2) Remove positions within the box that clash with the protein.
3) Remove positions with poor shape score.
Steps 1 & 2 are straightforward. Step 3 needs some explanation. Poor shape
score refers to poor shape score w.r.t. the Gaussian Shape Scoring Function, and
FRED selects a cutoff value for the shape score of a probe atom. Any position
where the probe atom has a shape score below the cutoff value is removed from
the negative image. The cutoff value for the scores isn't directly specified.
What is specified is total volume of the negative image of the receptor site,
via option -excvol. FRED chooses a cutoff such that it creates an image with the
specified volume. If you increase your box size, FRED will increase the cutoff
score such that the size of the negative image remains constant. This can cause
it to reject poses it would accept with a smaller box, because positions that
previously had acceptable scores are now rejected. To increase box size and
retain previously acceptable poses, increase -excvol also.
Another reason not to use too large a box is simply that FRED will require more
time and steps to enumerate all possible poses in the box.
-
Scoring function references:
PLP
- D.K. Gehlhaar, G.M. Verkhivker, P.A. Rejto, C.J. Sherman, D.B. Fogel, L.J.
Fogel and S.T. Freer, "Molecular recognition of the inhibitor AG-1343 by
HIV-1 protease: Conformationally flexible docking by evolutionary programming",
Chemistry & Biology 1995, 2, 317-324.
- Chemscore
-
M.D. Eldridge, C.W. Murray, T.R. Auton, G.V. Paolini, and R.P. Mee, "Empirical
scoring functions: I. the development of a fast empirical scoring function to
estimate the binding affinity of ligands in receptor complexes", J. Computer-Aided
Molecular Design 11:425-445 (1997).
-
C.A. Baxter, C.W. Murray, D.E. Clark, D.R. Westhead and M.D. Eldridge, "Flexible
docking using TABU search and an empirical estimate of binding affinity",
Proteins, 33, 367-382 (1998).
- Screenscore
- M. Stahl and M. Rarey, "Detailed Analysis of Scoring Functions for
Virtual Screening", J. Med. Chem, 2001, 44, 1035-1042.
- ShapeGauss, ChemGauss
- Mark R. McGann, Harold R. Almond, Anthony Nicholls, J. Andrew Grant, and
Frank K. Brown, "Gaussian Docking Functions", Biopolymers, Vol. 68, pp.
76-90, 2003.
- Zap_Bind
- J. Andrew Grant, Barry T. Pickup and Anthony Nicholls, "A Smooth
Permittivity Function for Poisson-Boltzmann Solvation Methods", Journal of
Computational Chemistry, Vol. 22, No. 6, pp. 608-640, 2001.
-
What is the receptor box?
A Fred box is rectangular, oriented to the cartesian axes, and defined by a
molecule file where the X, Y, and Z ranges are defined by the max/min atom
coordinates. Thus, a minimal box file consists of only two atoms, but any
molecule file can be used (such as that of a bound ligand).
-
Can one atom satisfy multiple constraints?

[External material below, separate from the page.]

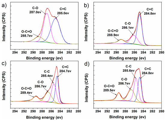 XPS was conducted to further analyze the graphene-based compounds, as shown in Figure 3a–d. In the spectra of GO, only three peaks were depicted: sp2 C=C (~285.0 eV), C–O (~287.0 eV), and O–C=O (~288.7 eV). The RGO spectra also comprised the three peaks, but the intensities of oxygen-containing peaks at 286.1 and 288.9 eV (relative to the C=C peak) decreased obviously. In both the spectra of FGS-i and FGS, the three peaks had a similar trend as those in RGO, indicating the reduction of GO. Differently, new peaks occurred at 285.4 or 285.6 eV, which means the ocurrence of sp3 C–C bonds [34,35,36,37]. The bonds probably came from the grafted polyesters and TO molecules which involved many sp3 C–C bonds. Compared to FGS-i, the intensity of new C–C peak in FGS spectra increased (relative to that of C=C peak) due to the incorporation of TO. The C/O atomic ratios for all the graphene nanomaterials, neat UPR, and TO were caculated and the related data are listed in Table 1. With the C/O ratios of UPR, RGO, and FGS-i, the weight content of grafted unsaturated polyesters onto graphene can be estimated and was about 28%; with the ratios of TO, FGS-i, and FGS, the grafted TO can also be determined and was around 5%. These values are close to the calculated values from the TGA results.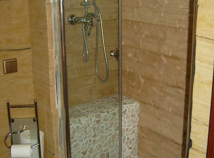 Im Wohnbereich wurde Laminatfußboden verlegt, während der Wintergarten, Teile des Badezimmers sowie einzelne Schlafräume im ansprechenden mediterranen Stil gestaltet sind. Das Badezimmer verfügt über eine ebenerdige Regenfalldusche, die ein modernes und komfortables Wellnesserlebnis bietet.

Yes. If multiple defined constraint volumes overlap, one atom located in the
overlap volume can satisfy all the constraints (if the smarts patterns are
matched).
-
How can a receptor box be defined?
Regarding Fred 2.0+ box generation, here are some choices:
-
Use Vida 1.1.2. (Vida 1.3 has some bugs in the Fred setup functionality.) Be
sure to rename the resulting box file with the correct suffix. ".box" really
should be ".pdb".
-
Use the .xyz format (see example below, four lines only) and edit by hand. Only
two points are needed to define a rectangular box (xmin,ymin,zmin) and (xmax,
ymax, zmax).
2
test box
C -1.00000 2.00000 -4.00000
C 15.00000 9.50000 7.50000
-
Use any existing bound ligand molecule file. The dimensions of the box will be
determined by the minimum and maximum x/y/z values of all atoms in the molecule.
Use the "-addbox" parameter to increase the extent of each of the six sides of
the box, if desired.
-
Use the PyOEChem example program mol2box.py
to generate a box file based on a bound ligand. This code can vary the extents
of all six sides of the box independently.
-
Future: Use a special graphical tool designed for Fred setup, now (August 2005)
in development. May be bundled with Fred.
ROCS
-
What's with the SUBTAN column?
The SUBTAN column in the Rocs report file stands for the 'substructure Tanimoto'.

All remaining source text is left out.